I made some tests using a 21 GB file filled with random strings, each line had a length of 20-40 characters.
It seems like the builtin BufferedReader is still the fastest method.
File f = new File("sfs");
try(Stream<String> lines = Files.lines(f.toPath(), StandardCharsets.UTF_8)){
lines.forEach(line -> System.out.println(line));
} catch (IOException e) {}
Reading the lines to a stream ensures you read the lines as you need them instead of reading the entire file at once.
To improve speed even further you can increase the buffer size of the BufferedReader by a moderate factor.

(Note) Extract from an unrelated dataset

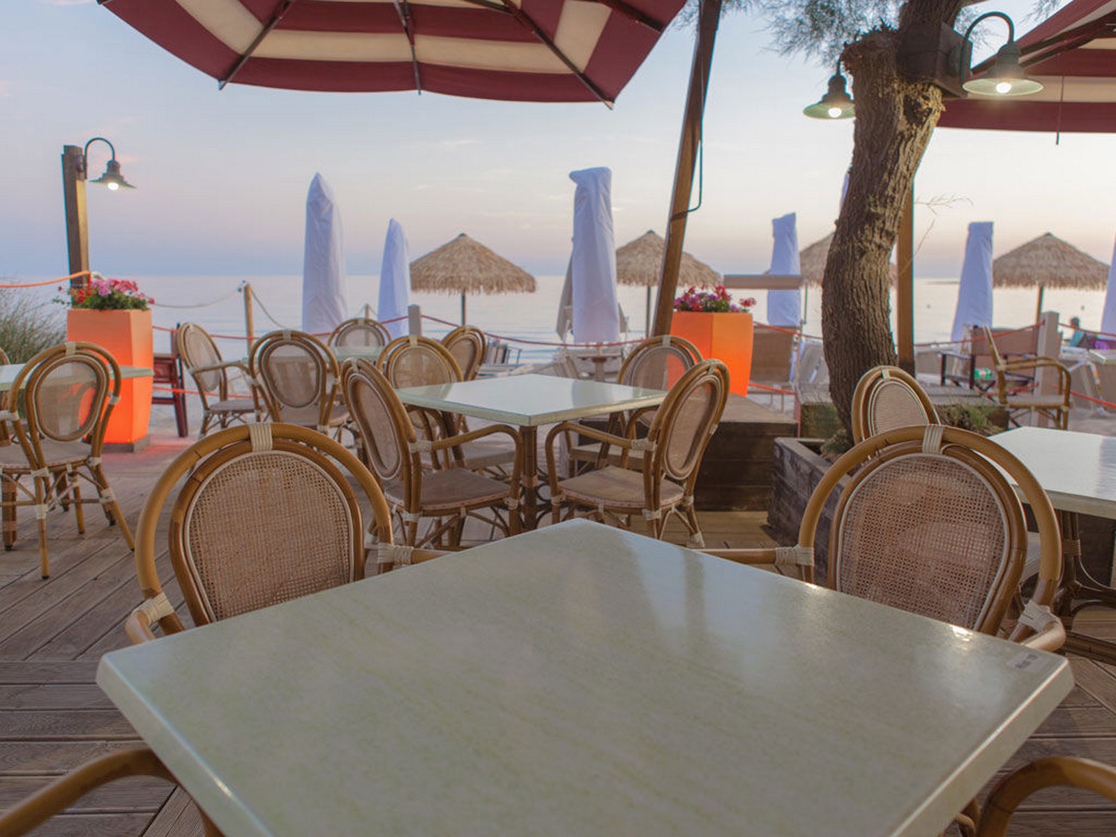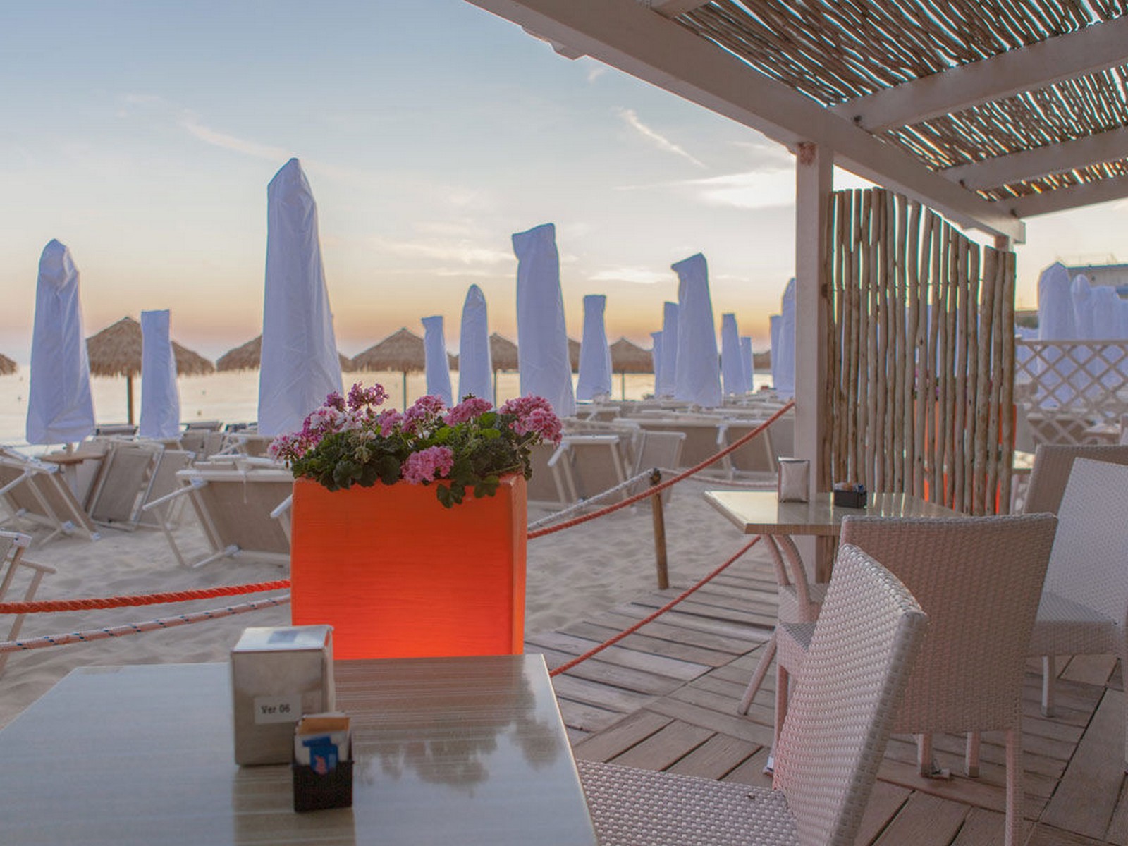 E’ presente un Beach Bar per chi volesse godere il mare senza rinunciarvi neanche un momento, presso la veranda del Bar viene offerta un’alternativa di snack veloce. Proprio sul mare, davanti ad un panorama strepitoso si possono gustare: insalate di ogni tipo, pizze, panini, le rinomate friselle, primi e secondi piatti, e vassoi di frutta di stagione. Nel pomeriggio happy hour e favolosi cocktail ammirando spettacolari tramonti.

In my tests it starter to outperform the normal buffer size at about 10 millions lines.
CharsetDecoder decoder = StandardCharsets.UTF_8.newDecoder();
int size = 8192 * 16;
try (BufferedReader br = new BufferedReader(new InputStreamReader(newInputStream(f.toPath()), decoder), size)) {
br.lines().limit(LINES_TO_READ).forEach(s -> {
});
} catch (IOException e) {
e.printStackTrace();
}
The code I used for testing:
private static long LINES_TO_READ = 10_000_000;
private static void java8Stream(File f) {
long startTime = System.nanoTime();
try (Stream<String> lines = Files.lines(f.toPath(), StandardCharsets.UTF_8).limit(LINES_TO_READ)) {
lines.forEach(line -> {
});
} catch (IOException e) {
e.printStackTrace();
}
long endTime = System.nanoTime();
System.out.println("no buffer took " + (endTime - startTime) + " nanoseconds");
}
private static void streamWithLargeBuffer(File f) {
long startTime = System.nanoTime();
CharsetDecoder decoder = StandardCharsets.UTF_8.newDecoder();
int size = 8192 * 16;
try (BufferedReader br = new BufferedReader(new InputStreamReader(newInputStream(f.toPath()), decoder), size)) {
br.lines().limit(LINES_TO_READ).forEach(s -> {
});
} catch (IOException e) {
e.printStackTrace();
}
long endTime = System.nanoTime();
System.out.println("using large buffer took " + (endTime - startTime) + " nanoseconds");
}
private static void memoryMappedFile(File f) {
CharsetDecoder decoder = StandardCharsets.UTF_8.newDecoder();
long linesReadCount = 0;
String line = "";
long startTime = System.nanoTime();
try (RandomAccessFile file2 = new RandomAccessFile(f, "r")) {
FileChannel fileChannel = file2.getChannel();
MappedByteBuffer buffer = fileChannel.map(FileChannel.MapMode.READ_ONLY, 0L, Integer.MAX_VALUE - 10_000_000);
CharBuffer decodedBuffer = decoder.decode(buffer);
for (int i = 0; i < decodedBuffer.limit(); i++) {
char a = decodedBuffer.get();
if (a == '\n') {
line = "";
} else {
line += Character.toString(a);
}
if (linesReadCount++ >= LINES_TO_READ){
break;
}
}
} catch (FileNotFoundException e) {
e.printStackTrace();
} catch (IOException e) {
e.printStackTrace();
}
long endTime = System.nanoTime();
System.out.println("using memory mapped files took " + (endTime - startTime) + " nanoseconds");
}
Btw I noticed that FileChannel.map throws an exception if the mapped file is larger than Integer.MAX_VALUE which makes the method impractical for reading very large files.